A library to build RAG (Retrieval Augmented Generation) systems in Elixir with multi-LLM support and agentic capabilities.
Features
Core LLM Capabilities
- Multi-LLM Provider Support: Gemini, Claude, Codex (OpenAI-compatible), and Ollama
- Smart Routing: Fallback, round-robin, and specialist routing strategies
- Streaming Responses: Real-time streaming for supported providers
Modular RAG Architecture (v0.3.0)
- Retriever Behaviours: Pluggable retrieval with Semantic, FullText, Hybrid, and Graph implementations
- VectorStore Behaviours: Pluggable vector backends with pgvector implementation
- Reranker Behaviours: LLM-based and passthrough reranking
- Pipeline System: Composable RAG pipelines with parallel execution and caching
GraphRAG Support (v0.3.0)
- Entity Extraction: LLM-based entity and relationship extraction
- Knowledge Graph Storage: PostgreSQL-based graph with Entity, Edge, Community schemas
- Community Detection: Label propagation algorithm for entity clustering
- Graph Retrieval: Local, global, and hybrid graph search modes
Advanced Chunking (v0.3.4)
- Behavior-based chunking: Pluggable
Rag.Chunkerstrategies - Byte positions:
start_byte/end_byteon every chunk - Character-based: Fixed-size chunks with smart boundaries
- Sentence-based: NLP-aware sentence splitting
- Paragraph-based: Preserve document structure
- Recursive: Hierarchical splitting for complex documents
- Semantic: Embedding-based similarity chunking
- Format-aware: TextChunker adapter for code and markup formats
Agent Framework
- Tool-using Agents: Session memory and tool registration
- Built-in Tools: Repository search, file reading, context retrieval, code analysis
Introduction to RAG
RAG enhances the capabilities of language models by combining retrieval-based and generative approaches. Traditional language models often struggle with the following problems:
- Knowledge Cutoff: Their knowledge is limited to a fixed point in time, making it difficult to provide up-to-date information.

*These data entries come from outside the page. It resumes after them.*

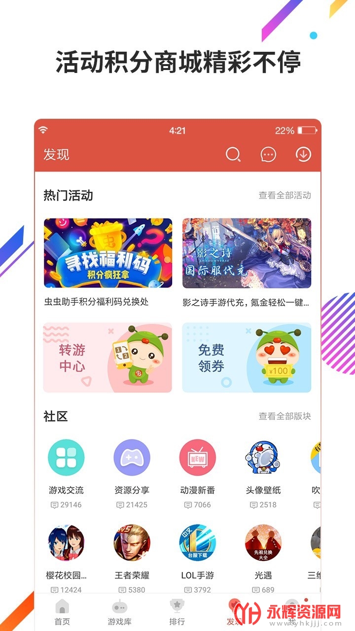 虫虫助手海量游戏平台app,虫虫助手为广大手机玩家提供最新最热门的手机游戏免费下载、活动礼包和相关资讯内容,是一款提供游戏的平台,上平台上有非常多种类的游戏,满足不同年龄段,不同群体对于游戏的需求,它专门收集的了全网最精品最好玩最热门的游戏,首席推介官,为您倾情推荐!快快点击下载尝鲜吧。
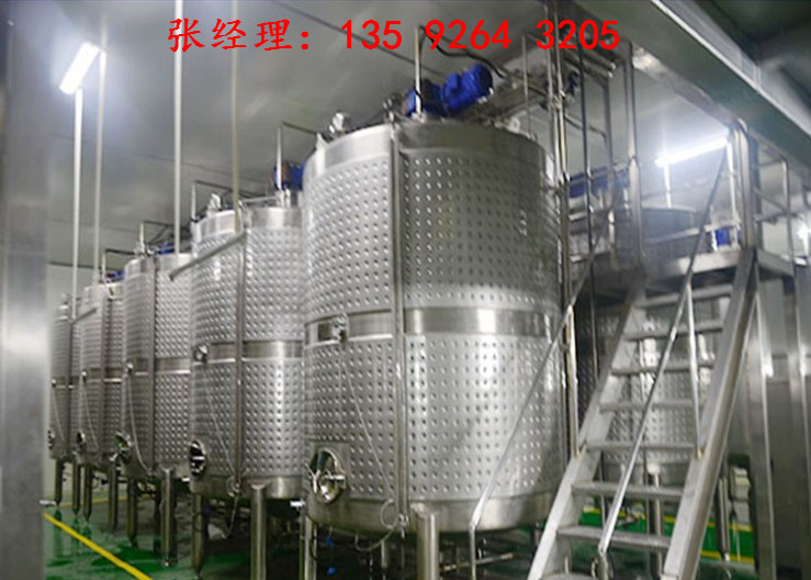 小型果酒生產設備有:果蔬清洗機,果蔬破碎打漿機,原水罐,原水泵,石英砂過濾器,活性碳過濾機,加藥裝置,RO反滲透主機,紫外線殺菌器,純水罐,恒溫化糖罐,攪拌配料罐,糖漿過濾器,恒溫發酵罐,過濾機,熟成罐,殺菌設備,消毒浸泡洗瓶機,灌裝封口,瓶蓋殺菌機,燈檢設備,吹干機,貼標機,噴碼機等設備組成。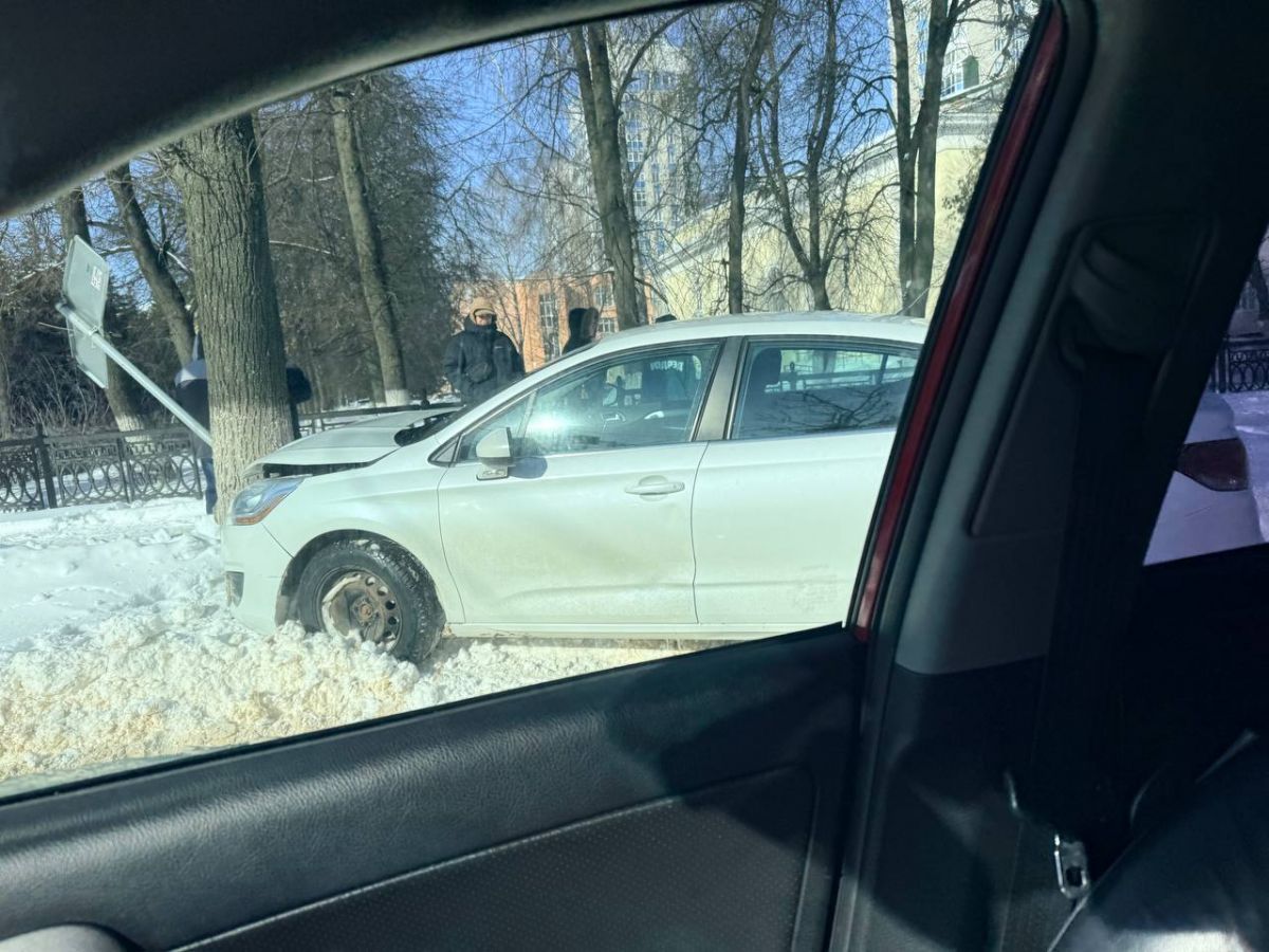 Фотофакт: в Орле возле здания ФСБ легковушка влетела в дерево и снесла знак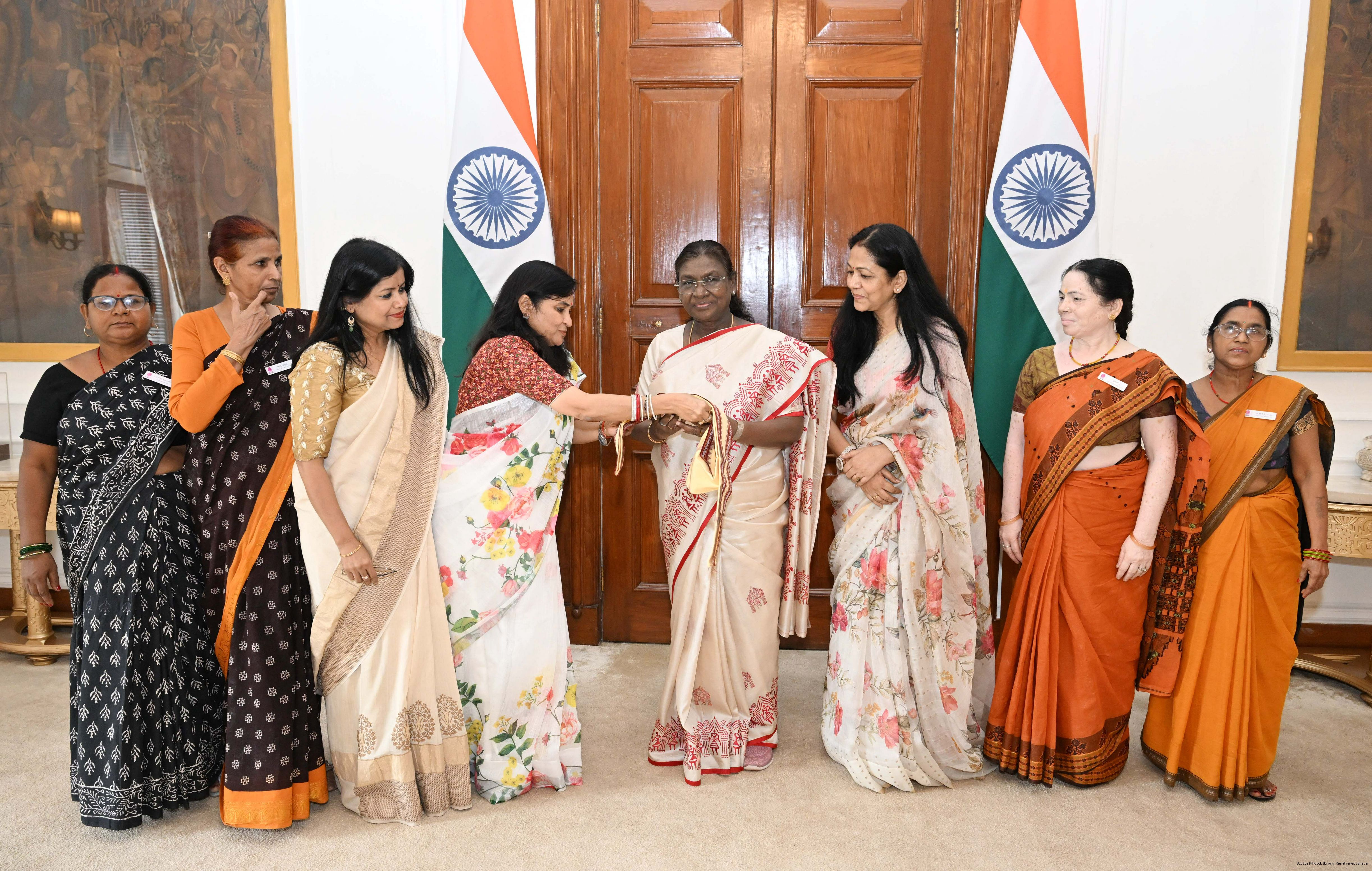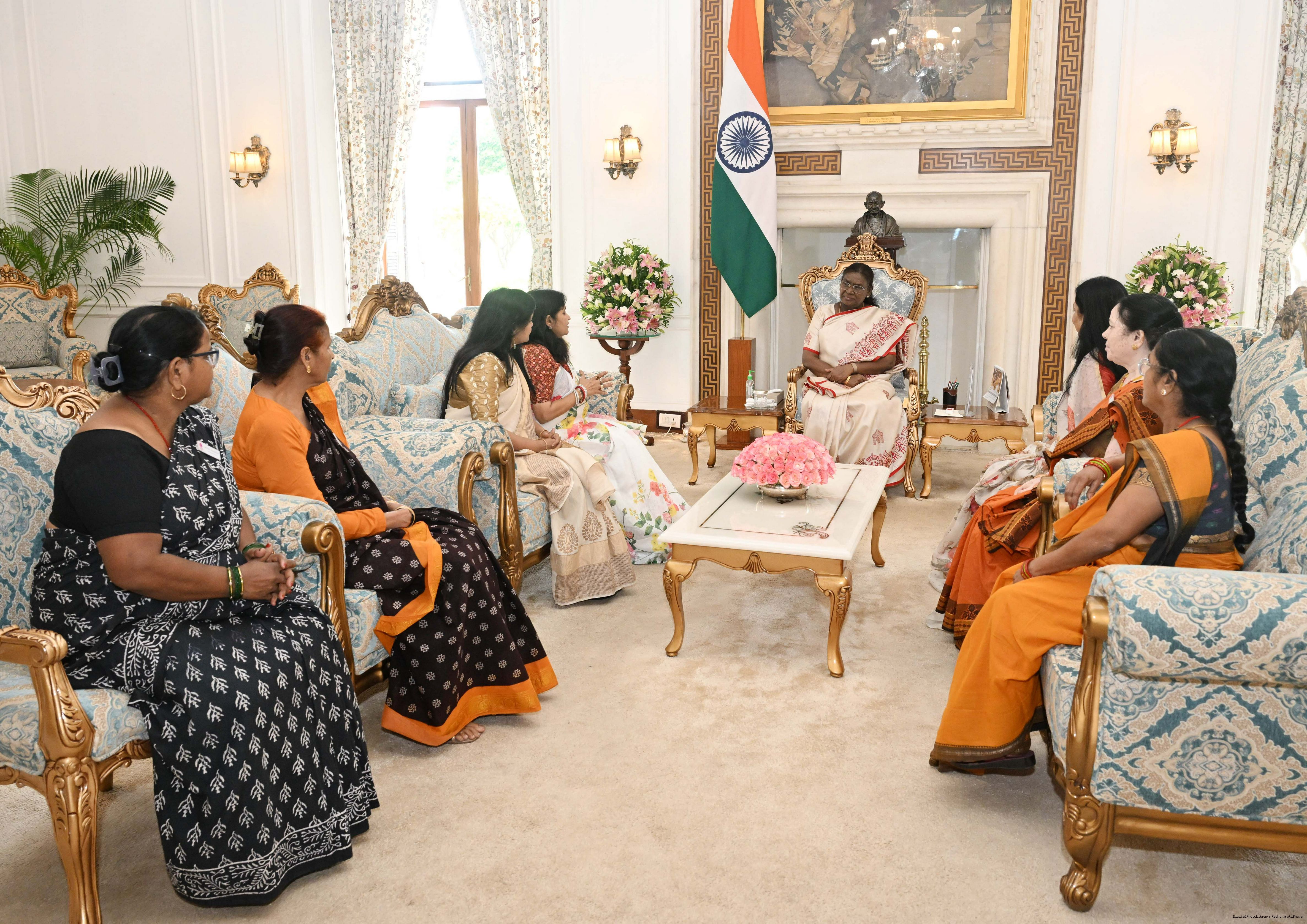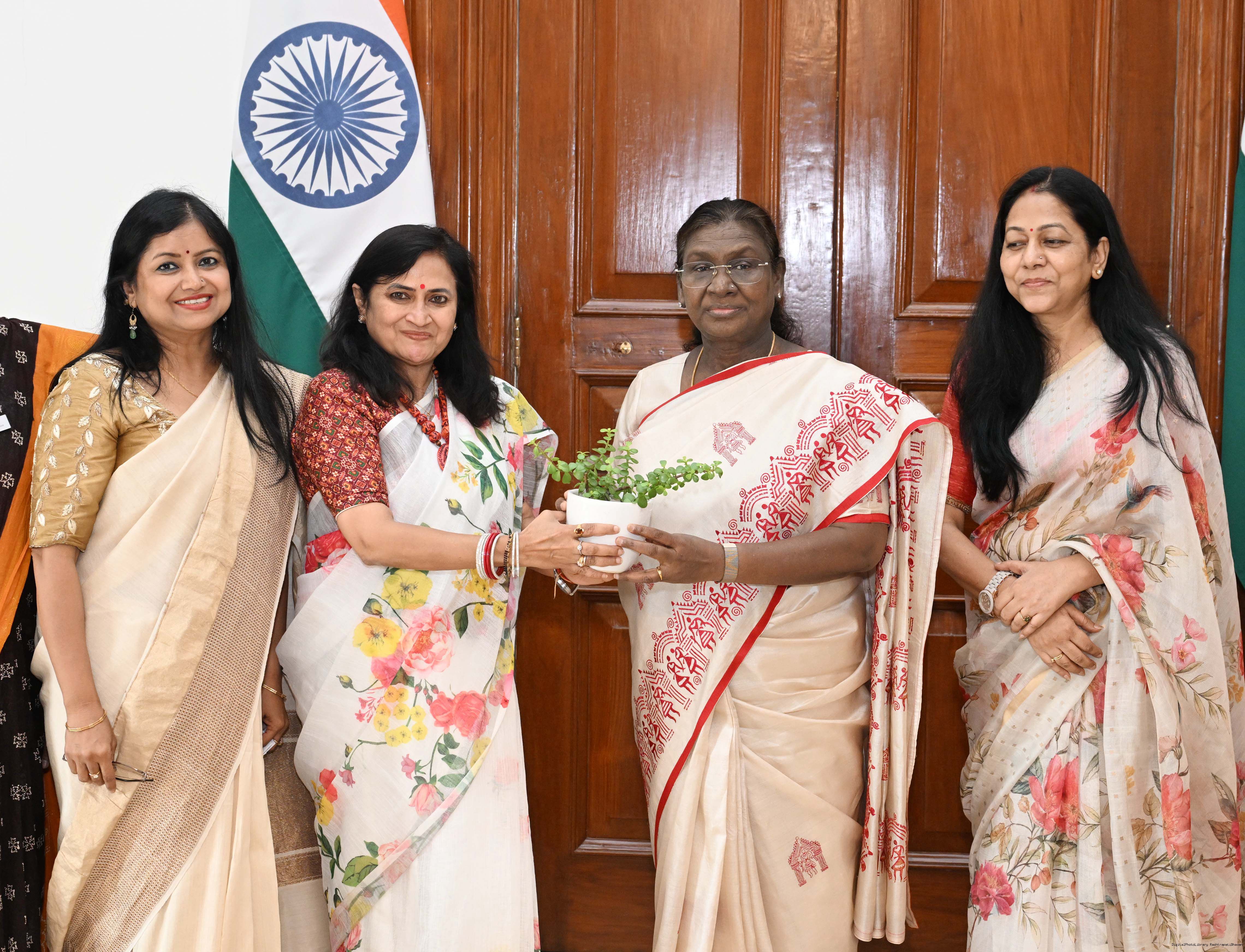 | Caption: | Dr. Rashmi Singh, President, Akanksha Samiti, Lucknow, UP, along with Smt. Pratibha Singh, and others meeting with the President of India, Smt Droupadi Murmu at Rashtrapati Bhavan on July 17, 2025. |

- Hallucinations: They may generate information that sounds confident but is entirely made up, leading to inaccurate responses.
- Contextual Relevance: They struggle to provide responses that are contextually relevant to the user’s query.
RAG addresses these issues by retrieving relevant information from an external knowledge source before generating a response.
Installation
Add rag_ex to your list of dependencies in mix.exs:
def deps do
[
{:rag_ex, "~> 0.3.4"}
]
endNote: This is a library, not a standalone application. It does not include its own Ecto Repo. For vector store features (semantic search, embeddings storage), your consuming application must provide its own Repo and run the migrations. LLM features (Router, Agents, Embeddings generation) work without a database.
Quick Start
1. Configure a Provider
# config/config.exs
config :rag, :providers, %{
gemini: %{
module: Rag.Ai.Gemini,
api_key: System.get_env("GEMINI_API_KEY"),
model: :flash_lite_latest
}
}
Model keys are resolved via Gemini.Config, so you can omit :model to use the
auth-aware default or pass other alias keys (e.g., :flash_2_5).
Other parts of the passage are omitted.